> we are going to have some AMD CPU with AVX2 support soon, the question is
> if it will prefer 256-bit vmovups/vmovupd/vmovdqu or split, but even
> if it will prefer split, the question is if like bdver{1,2,3} it will
> be X86_TUNE_AVX128_OPTIMAL, because if yes, then how 256-bit unaligned
> loads/stores are handled is much less important there. Ganesh?
256-bit is friendly on bdver4.
But, 256 bit unaligned stores are micro-coded which we would like to avoid. So
we require 128-bit MOVUPS.
-----Original Message-----
From: Jakub Jelinek [mailto:[email protected]]

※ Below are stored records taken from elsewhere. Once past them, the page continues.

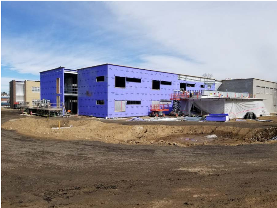
Front Entrance / Gym – Southwest Elevation; brick and window frames being installed; roof and parapet installation continues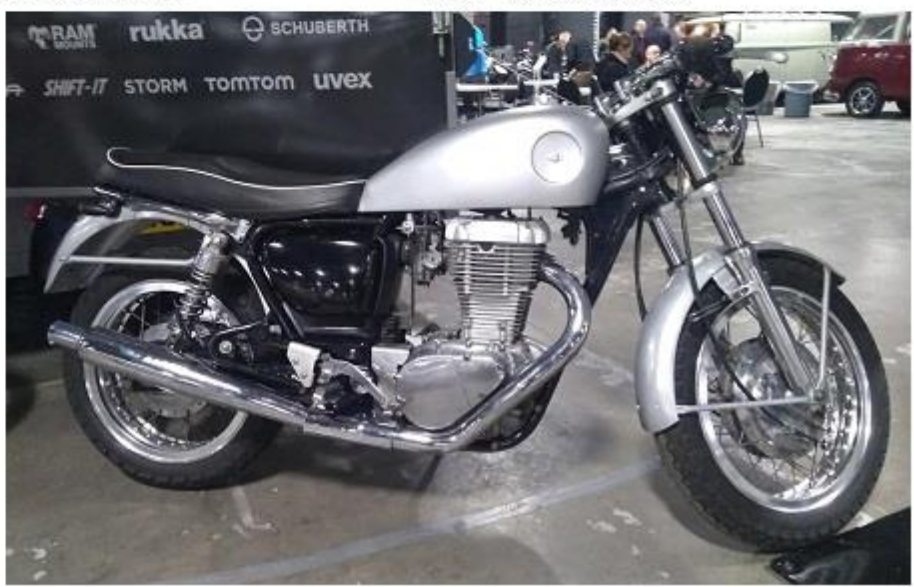
What do you do if you really want a BSA Gold Star but all you've got is a Suzuki LS650 Savage? It's work in progress but looking mighty good.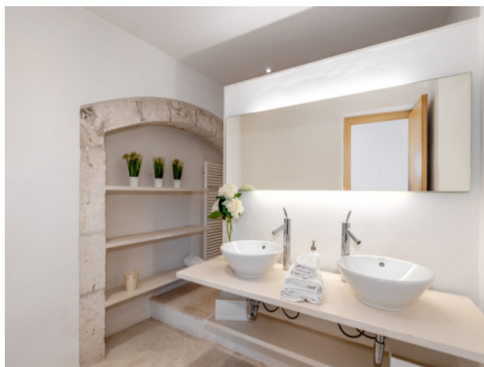
Bathroom with two washbasins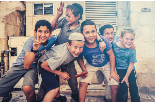
Jaffa Institute, a home for children at risk.

The Jaffa Institute provides vital support for children who have been left without care because their parents can no longer provide for them. Through the Jaffa Institute, they receive not only food and education but also the warmth, guidance, and encouragement they need to build a brighter future.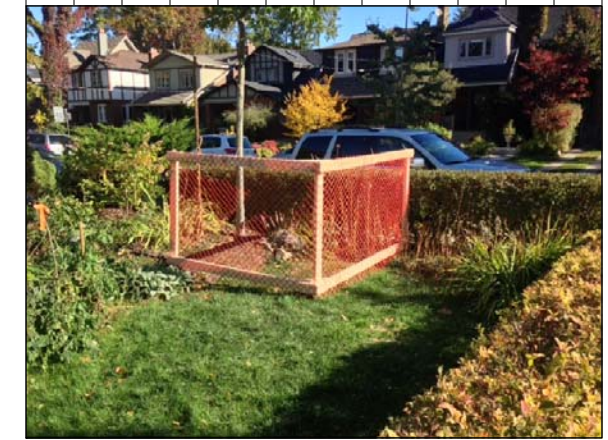
Tree Protection - Front Yard, North Side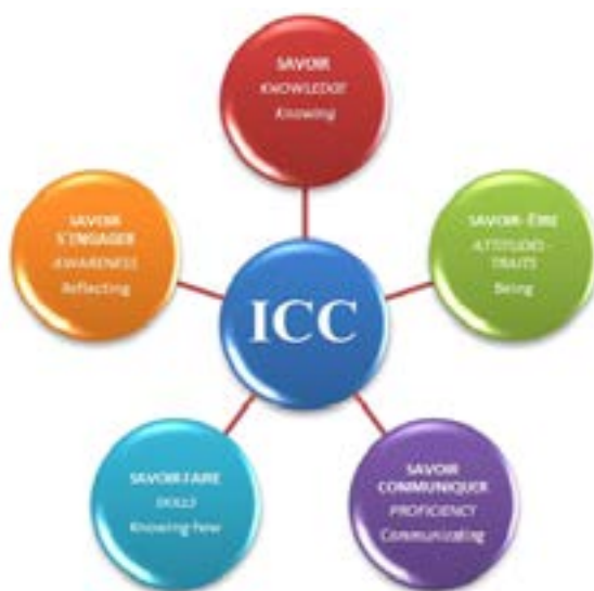
Figure 1. The dimensions of ICC

Note. This graph represents the five knowledge or dimensions of the ICC. Rico Troncoso, 2012 quoted by Mesa-Hoyos et al, 2019 (p.10).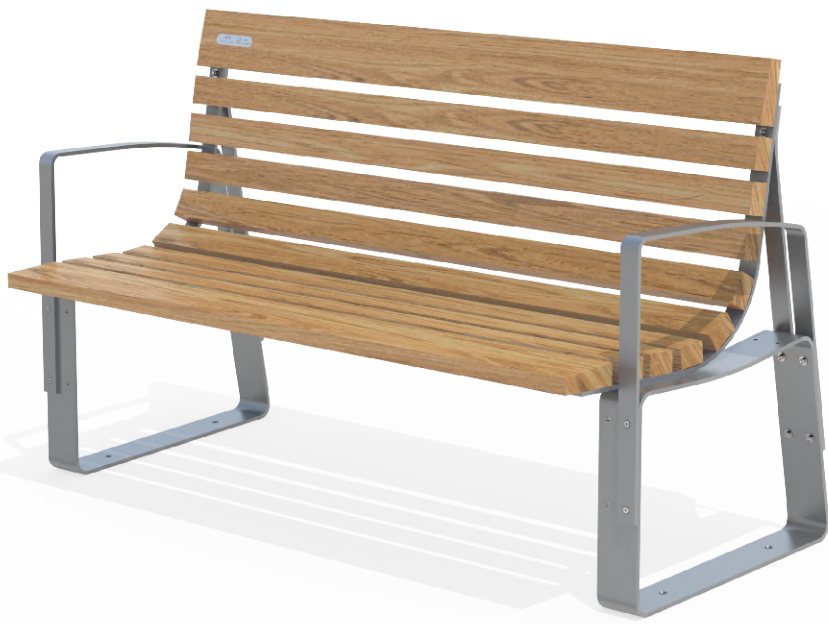
Bilateral Seat 1600L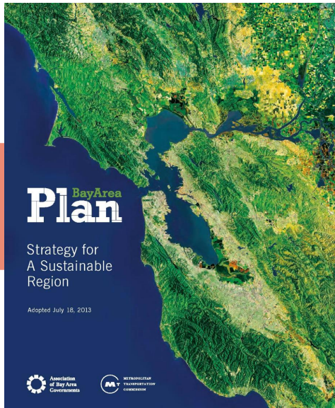
Plan Bay Area Adopted 2013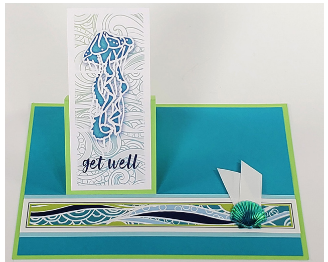
Inside: "Hope you feel better soon."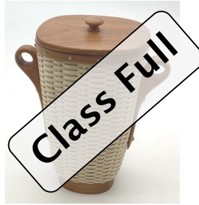
Su-3 Sun 8-2 Eric Taylor Mid-Century Cotton 5½”H x 3½”L x 3½”W $150/Int•6 hours

Students will weave over a double walled stainless coaster. A cherry rim will be glued on this Nantucket treasure. Students will have a choice of various custom accent options. Teacher will provide all tools.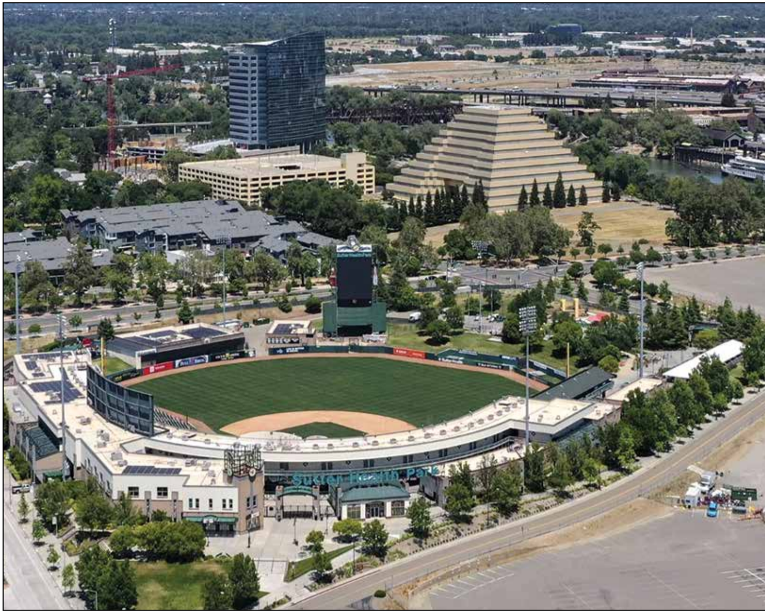
Here is the Sutter Health Park entrance, which will welcome thousands of Oakland A's fans now that the Major League Baseball team will call West Sacramento home temporarily.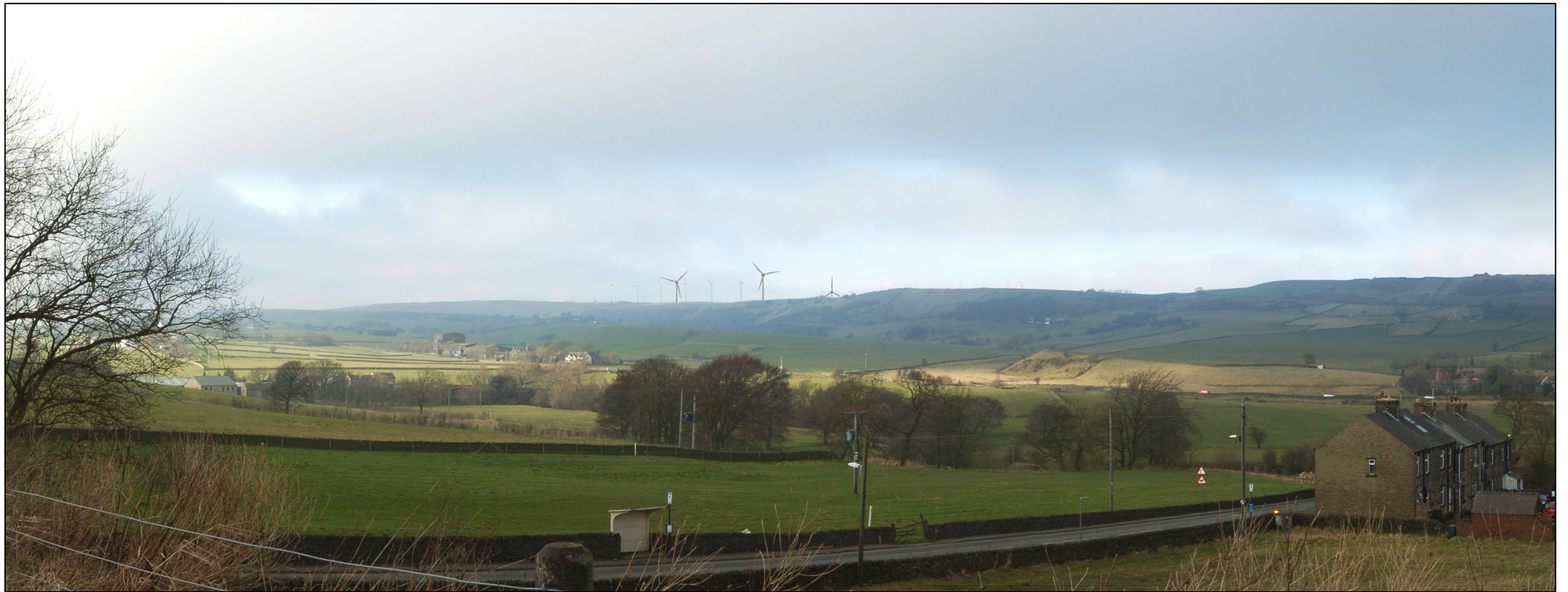
Photomontage showing proposed development from viewpoint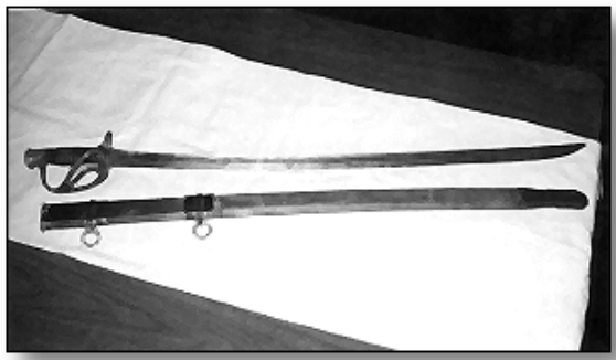
The McKay Sword, Gamble Plantation State Historic Site

The Times writer added another detail to back the McKay side of the argument.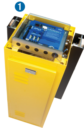
Model SG top view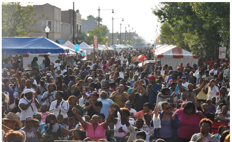
An estimated 10,000 people attended the 6th Annual Auburn Gresham 79th Street Renaissance Festival & St. Sabina Family Peace Jam.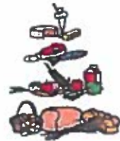
And many more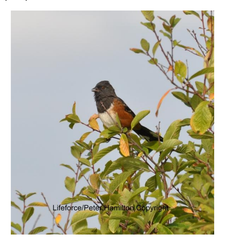
Caspian Tern with fish off park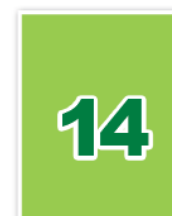
Page 3, 5 Full Page 265mm x 327mm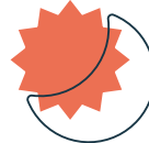
INSOMNIA & SLEEPLESSNESS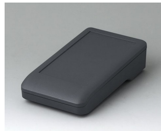
A9005118 DATEC-COMPACT S ASA+PC (UL 94 V-0) lava 136x74x32mm IP 41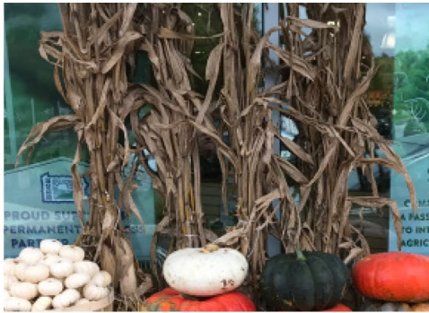
Code: 4945 CORN STALKS 1 bunch PLU: Retailer-Assigned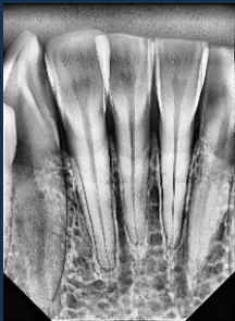
Periapical - Anterior region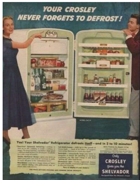
Figure 3: Shelvador, First Refrigerator With in Door Shelves

The book starts off with the birth of the brothers and their early entrepreneurial days as auto accessories producers, the boom days of radio, the battle days of the Voice of America and World War II, and the bust period post World War II. WLW incremented up in 10 dB from 5 watts (7 dBw), to 50 watts (17 dBw), to 500 watts (27 dBw), to 5 kilowatts (37 dBw), to 50 kilowatt (47 dBw), to 500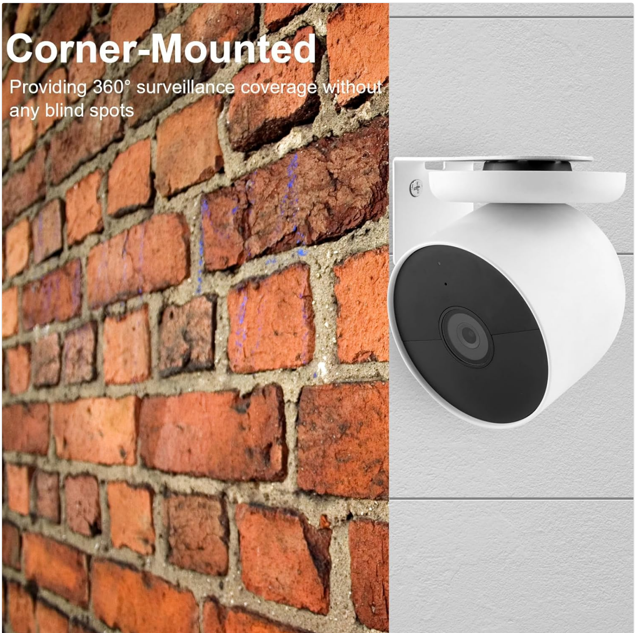
Figure 5: Corner-Mounted Camera. This image highlights the L-shaped bracket's ability to provide 360-degree surveillance coverage when corner-mounted, eliminating blind spots.

Providing 360° surveillance coverage without any blind spots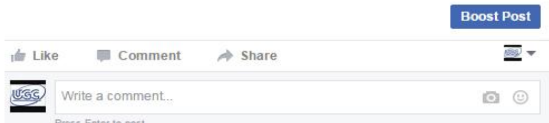
Fig A: Boost the post

Step 2: After uploading, click into boost post.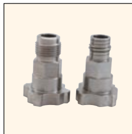
PN 253969 (p. 26)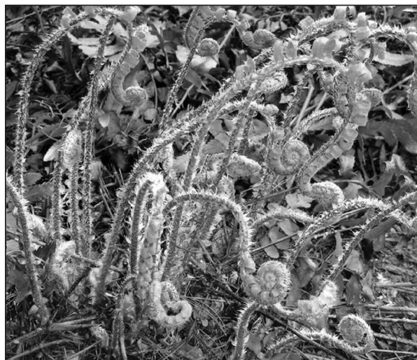
Fiddleheads in early spring 2010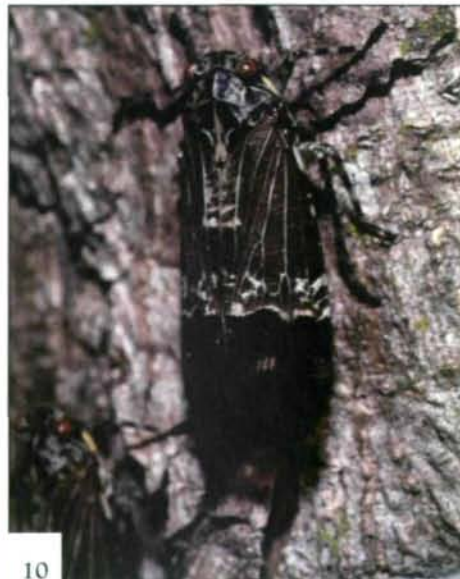
Fig. 10: Hypaepa illuminata , Honduras.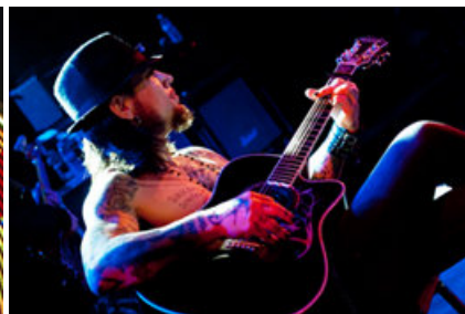
Dave Navarro (Click on photo to zoom)

This photograph is of a ferris wheel in motion and the pattern is actually made up of the light trails as the wheel turns. This was taken using a 3 second shutter speed to give the wheel time to move enough to get a good pattern. I zoomed in very close so that the image was more abstract, and to me, more interesting. Taken at 3 seconds, f/22 and ISO 200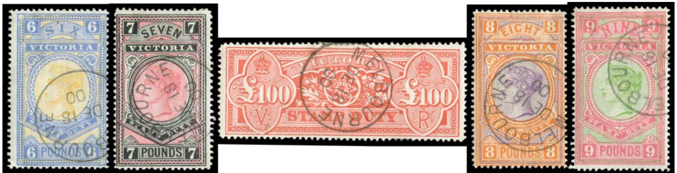
Ex Lot 767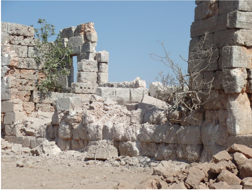
Collapse of an entire archaeological building.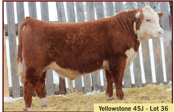
Yellowstone 45J - Lot 36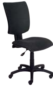
⑥ Without arms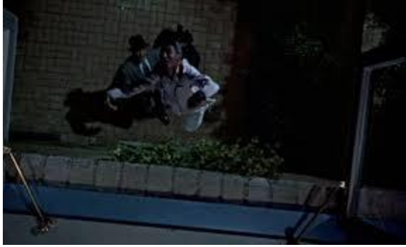
Rear Window (1954) by Alfred Hitchcock

A shot in which the audience sees an object straight on, in which the angle is even with the character or object, is called an eye-level shot. While this type of shot may not carry a lot of effect the first time it is used, think about what a director might be saying when a character that had been shot with a low-angle is now shown at eye-level: his strength and power may be weakening. Most shots used in movies are eye-level because it is the normal way that we see each other in real life.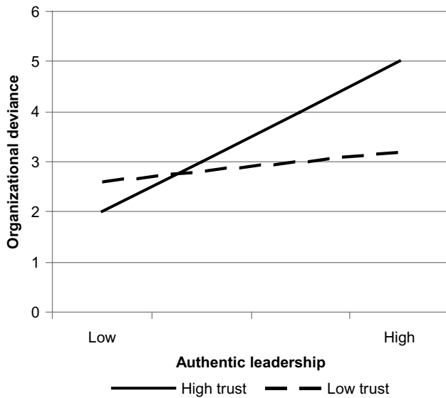
Figure 1. Interactive effects of authentic leadership and trust on organizational deviance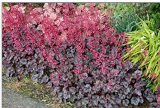
Glitter Coral Bells in bloom

Glitter Coral Bells is recommended for the following landscape applications;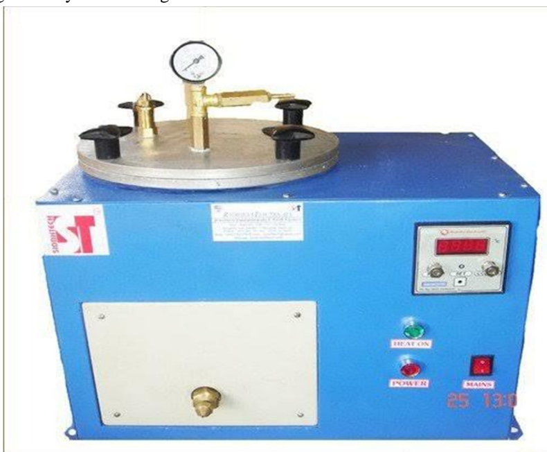
Fig.1.manual wax injector machine

In our project we identified the problem regarding the accuracy level in the production of rold gold jewels. From the detailed survey given by the labors, we found that they are not able to cope with the large scale industries in the automation sector. We also found that the cost of production device is very high. To give a better and simple solution to the above stated problems and to reduce the plight of the labors in the small scale rold gold industries, we programmed the Arduino board using “C” language, and constructed the Arduino controlled automatic wax injector (AWI) machine setup for reducing the overage load of the industry labors for the better finishing accuracy of the rold gold in the short time.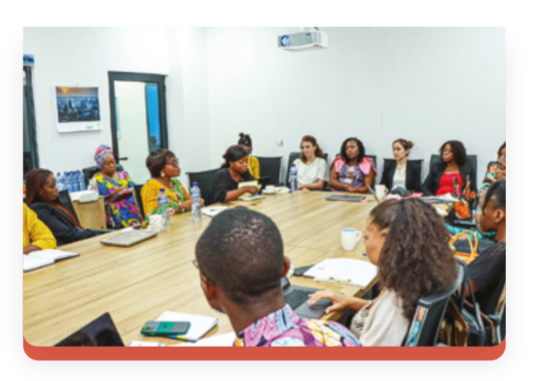
CRG and Ebuteli hosted a discussion on "Gender Equality in the DRC: Priorities for 2023" to highlight women's participation in politics (Kinshasa, DRC, February 2023)

• The last report in the series, "Power Games, Game of Power: Soccer and Politics in the DRC" (from the original French title: "Jeux de pouvoir, pouvoir du jeu: football et politique en RDC"), revealed how political figures leading Congolese soccer clubs leverage their positions to enhance their image and gain electoral benefits.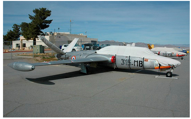
Fougas Magister Canopy/Nose Cover & Tail Stabilizer Covers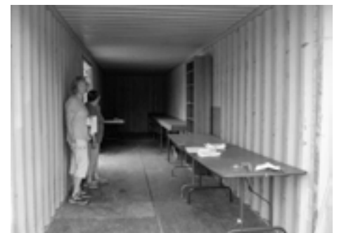
The Swap Shop is shown empty but ready for useable repurposed items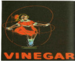
h02083 skipping girl illuminated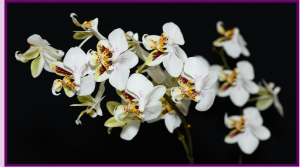
Phal. stuartiana "Sogo"

Sent: Tuesday, November 12, 2013 3:57 PM
To: Jan Hubicka
Cc: H.J. Lu; Vladimir Makarov; GCC Patches; Uros Bizjak; Richard Henderson;
Gopalasubramanian, Ganesh
Subject: Re: Honnor ix86_accumulate_outgoing_args again
On Tue, Nov 12, 2013 at 11:05:45AM +0100, Jan Hubicka wrote:
> > @@ -16576,7 +16576,7 @@ ix86_avx256_split_vector_move_misalign (rtx
> > op0, rtx op1)
> >
> > if (MEM_P (op1))
> > {
> > - if (TARGET_AVX256_SPLIT_UNALIGNED_LOAD)
> > + if (!TARGET_AVX2 && TARGET_AVX256_SPLIT_UNALIGNED_LOAD)
> > {
> > rtx r = gen_reg_rtx (mode);
> > m = adjust_address (op1, mode, 0); @@ -16596,7 +16596,7 @@
> > ix86_avx256_split_vector_move_misalign (rtx op0, rtx op1)
> > }
> > else if (MEM_P (op0))
> > {
> > - if (TARGET_AVX256_SPLIT_UNALIGNED_STORE)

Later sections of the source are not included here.